(Recorded data)
■ ■ ■ ■ ■ ■ ■

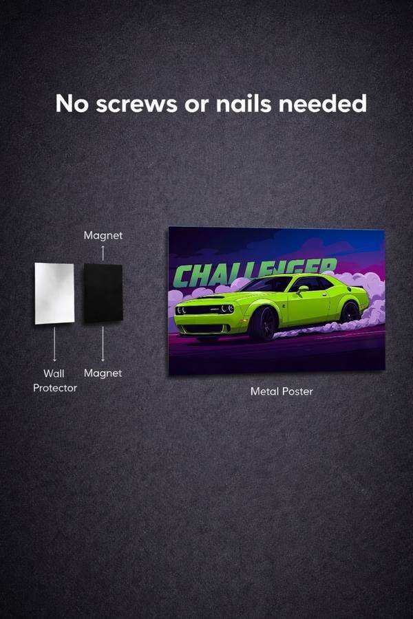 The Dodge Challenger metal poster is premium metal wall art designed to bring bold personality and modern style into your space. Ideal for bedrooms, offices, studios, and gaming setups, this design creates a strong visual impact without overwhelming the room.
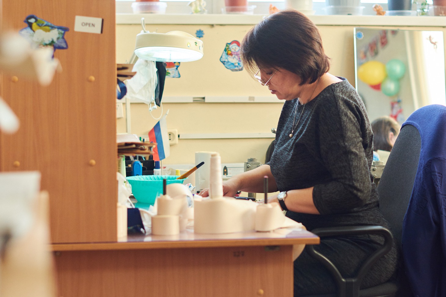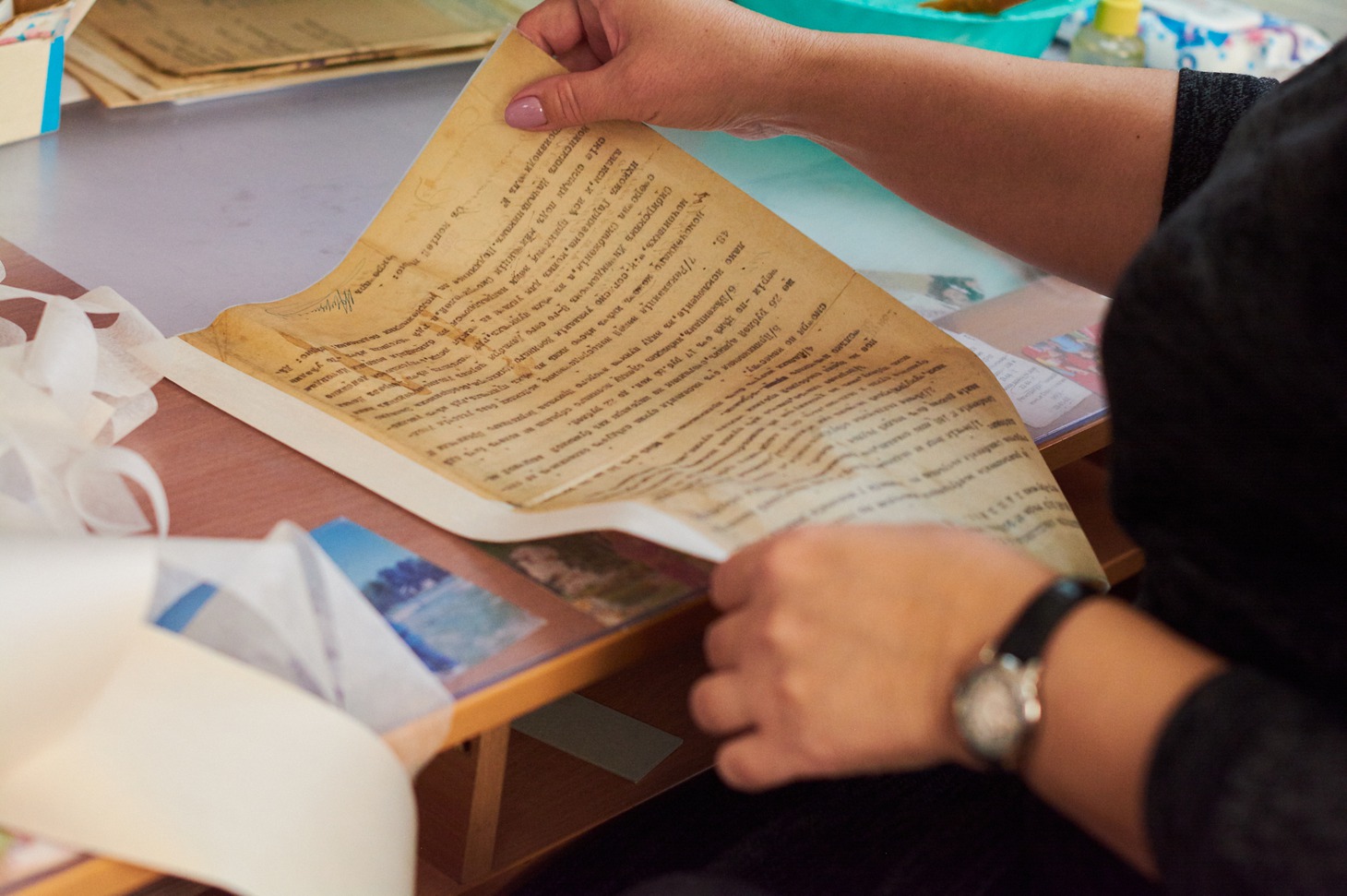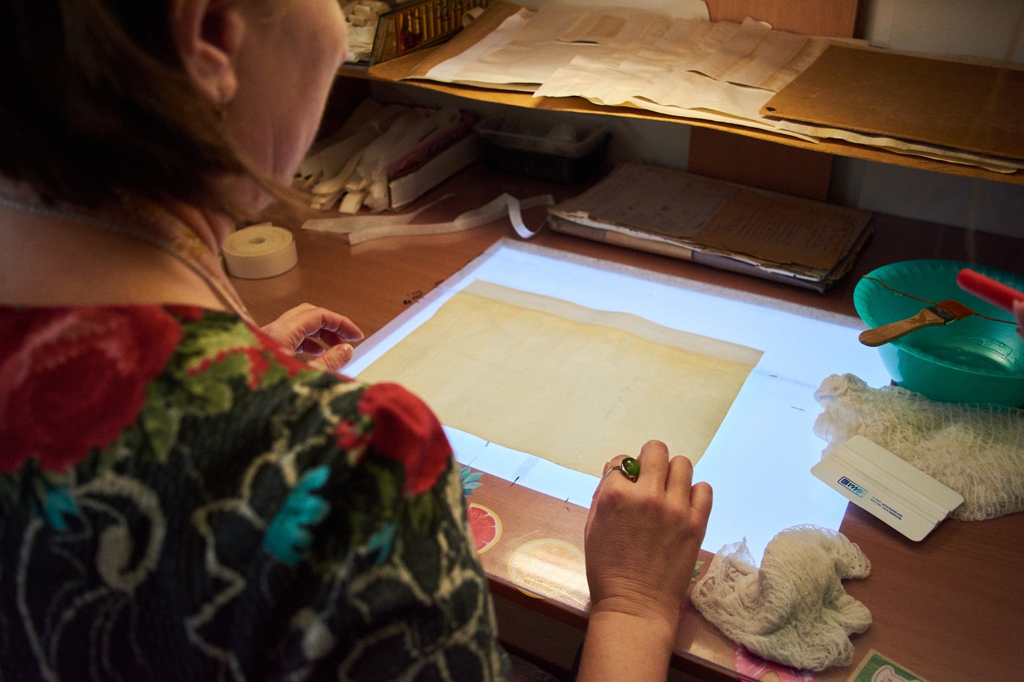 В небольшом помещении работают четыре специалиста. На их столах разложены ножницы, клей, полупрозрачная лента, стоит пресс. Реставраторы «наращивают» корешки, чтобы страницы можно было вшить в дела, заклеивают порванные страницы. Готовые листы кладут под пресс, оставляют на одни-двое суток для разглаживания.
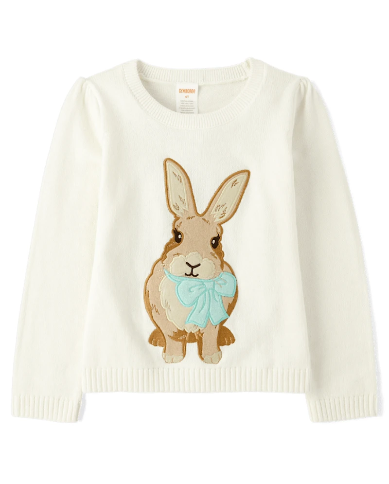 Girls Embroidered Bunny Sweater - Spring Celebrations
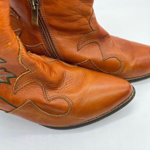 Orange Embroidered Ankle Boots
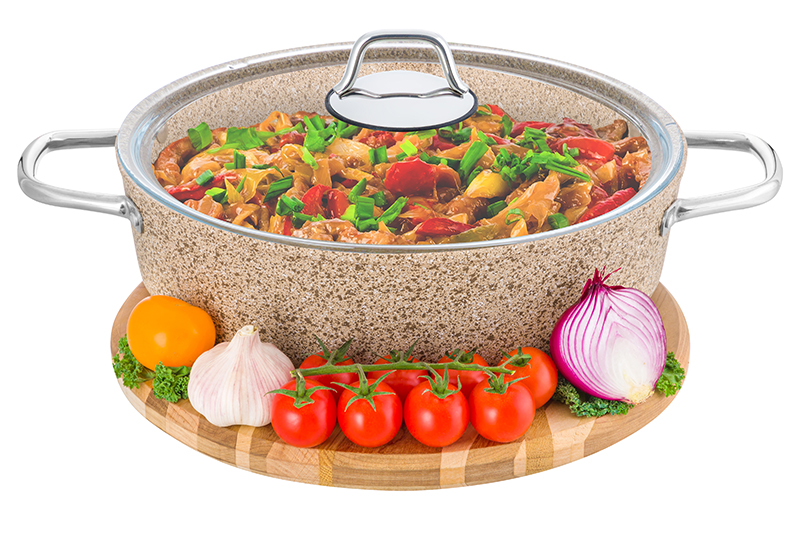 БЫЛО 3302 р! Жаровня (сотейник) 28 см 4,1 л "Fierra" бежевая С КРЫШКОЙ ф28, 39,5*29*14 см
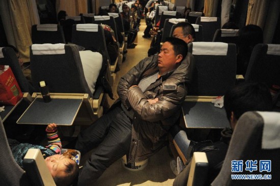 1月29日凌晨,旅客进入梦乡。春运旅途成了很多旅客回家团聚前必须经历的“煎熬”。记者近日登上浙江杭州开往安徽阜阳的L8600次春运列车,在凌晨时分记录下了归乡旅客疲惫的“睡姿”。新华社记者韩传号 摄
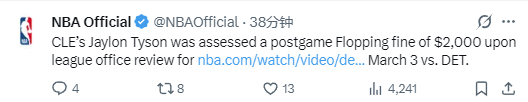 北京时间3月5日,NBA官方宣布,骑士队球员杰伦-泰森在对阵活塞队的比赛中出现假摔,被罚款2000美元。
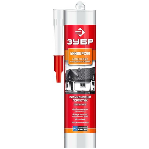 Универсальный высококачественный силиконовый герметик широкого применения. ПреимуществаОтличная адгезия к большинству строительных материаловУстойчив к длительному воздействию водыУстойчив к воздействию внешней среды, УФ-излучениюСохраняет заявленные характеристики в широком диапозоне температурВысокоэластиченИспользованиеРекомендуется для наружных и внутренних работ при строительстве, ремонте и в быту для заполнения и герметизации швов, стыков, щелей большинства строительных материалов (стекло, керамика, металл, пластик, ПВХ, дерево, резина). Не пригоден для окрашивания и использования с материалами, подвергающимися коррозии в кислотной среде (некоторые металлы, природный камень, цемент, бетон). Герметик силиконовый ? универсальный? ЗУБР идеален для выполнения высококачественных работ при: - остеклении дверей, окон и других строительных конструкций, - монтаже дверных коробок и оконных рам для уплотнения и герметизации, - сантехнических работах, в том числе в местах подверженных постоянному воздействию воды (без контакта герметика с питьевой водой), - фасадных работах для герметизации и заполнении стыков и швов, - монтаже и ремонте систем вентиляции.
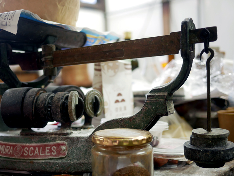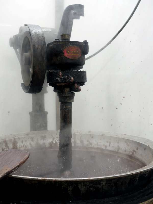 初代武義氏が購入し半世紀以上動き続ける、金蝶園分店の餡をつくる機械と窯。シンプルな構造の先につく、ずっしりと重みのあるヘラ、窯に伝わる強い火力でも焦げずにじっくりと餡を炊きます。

■ ■ ■ ■ ■ ■ ■

Give back exactly the lines above that run from the one with "Orange Embroidered Ankle Boots" to the one with "北京时间3月5日,NBA官方", including both, with the pictures left out.

ANSWER SPACE ->
 Orange Embroidered Ankle Boots
 БЫЛО 3302 р! Жаровня (сотейник) 28 см 4,1 л "Fierra" бежевая С КРЫШКОЙ ф28, 39,5*29*14 см
 1月29日凌晨,旅客进入梦乡。春运旅途成了很多旅客回家团聚前必须经历的“煎熬”。记者近日登上浙江杭州开往安徽阜阳的L8600次春运列车,在凌晨时分记录下了归乡旅客疲惫的“睡姿”。新华社记者韩传号 摄
 北京时间3月5日,NBA官方宣布,骑士队球员杰伦-泰森在对阵活塞队的比赛中出现假摔,被罚款2000美元。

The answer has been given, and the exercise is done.